Cooking oil is typically a liquid at room temperature, although some oils that contain saturated fat, such as coconut oil, palm oil and palm kernel oil are solid.[1]

There are a wide variety of cooking oils from plant sources such as olive oil, palm oil, soybean oil, canola oil (rapeseed oil), corn oil, peanut oil and other vegetable oils, as well as animal-based oils like butter and lard.

Oil can be flavoured with aromatic foodstuffs such as herbs, chillies or garlic.

Health and nutrition

Olive oil
Sunflower seed oil

The appropriate amount of fat as a component of daily food consumption is established as a guideline by regulatory agencies such as the FDA which recommends that 10% or fewer of calories consumed daily should be from saturated fat and 20-35% of total daily calories come from polyunsaturated and monounsaturated fats.[2]

While consumption of small amounts of saturated fats is common in diets,[3] meta-analyses found a significant correlation between high consumption of saturated fats and blood LDL concentration,[4] a risk factor for cardiovascular diseases.[5] Other meta-analyses based on cohort studies and on controlled, randomized trials found a positive[6] or neutral[7] effect from shifting consumption from saturated fats to polyunsaturated fats (10% lower risk for 5% replacement).[7]

Mayo Clinic has highlighted oils that are high in saturated fats, including coconut, palm oil and palm kernel oil. Those having lower amounts of saturated fats and higher levels of unsaturated (preferably monounsaturated) fats like olive oil, peanut oil, canola oil, soy and cottonseed oils are generally healthier.[8] The US National Heart, Lung and Blood Institute[9] urged saturated fats be replaced with polyunsaturated and monounsaturated fats, listing olive and canola oils as sources of healthier monounsaturated oils while soybean and sunflower oils as good sources of polyunsaturated fats. One study showed that consumption of non-hydrogenated unsaturated oils like soybean and sunflower are preferable to the consumption of palm oil for lowering the risk of heart disease.[10]

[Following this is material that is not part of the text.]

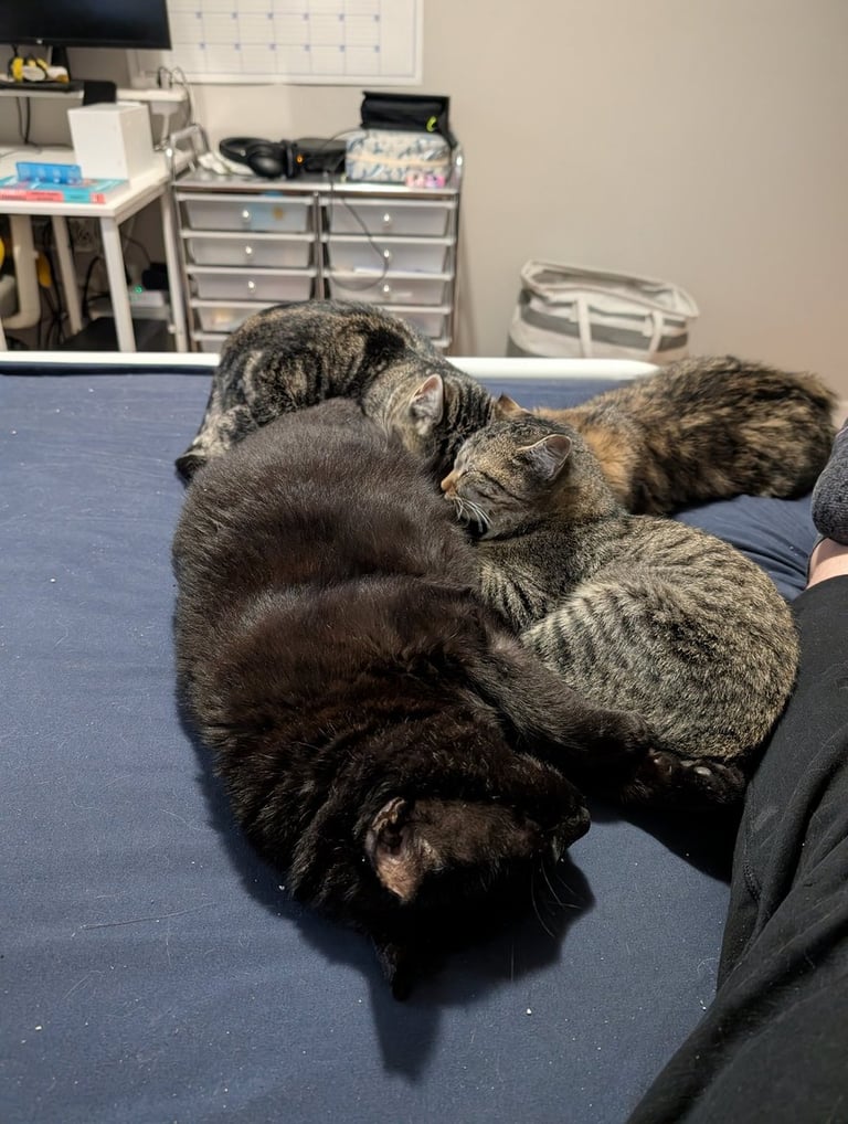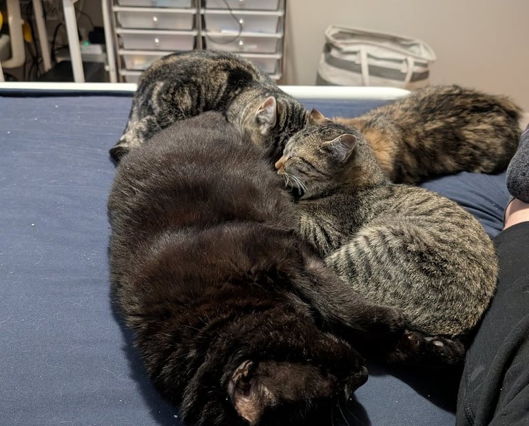 Theo required a little extra attention, including manual bladder and bowel expression, Lactulose for digestion, hydration, and belly massages. But his routine was simple and filled with love. In return, Theo gave endless joy, climbing cat trees and spreading happiness wherever he went.

Peanut, cashew and other nut-based oils may present a hazard to persons with a nut allergy.

Trans fats

Unlike other dietary fats, trans fats are not essential, and they do not promote good health.[11] The consumption of trans fats increases one's risk of coronary heart disease[12] by raising levels of "bad" LDL cholesterol and lowering levels of "good" HDL cholesterol.[13] Trans fats from partially hydrogenated oils are more harmful than naturally occurring oils.[14]

Several large studies[15][16][17][18] indicate a link between consumption of high amounts of trans fat and coronary heart disease and possibly some other diseases. The United States Food and Drug Administration (FDA), the National Heart, Lung and Blood Institute and the American Heart Association (AHA) all have recommended limiting the intake of trans fats.

Cooking with oil

Heating an oil changes its characteristics. Oils that are healthy at room temperature can become unhealthy when heated above certain temperatures. When choosing a cooking oil, it is important to match the oil's heat tolerance with the cooking method.[19]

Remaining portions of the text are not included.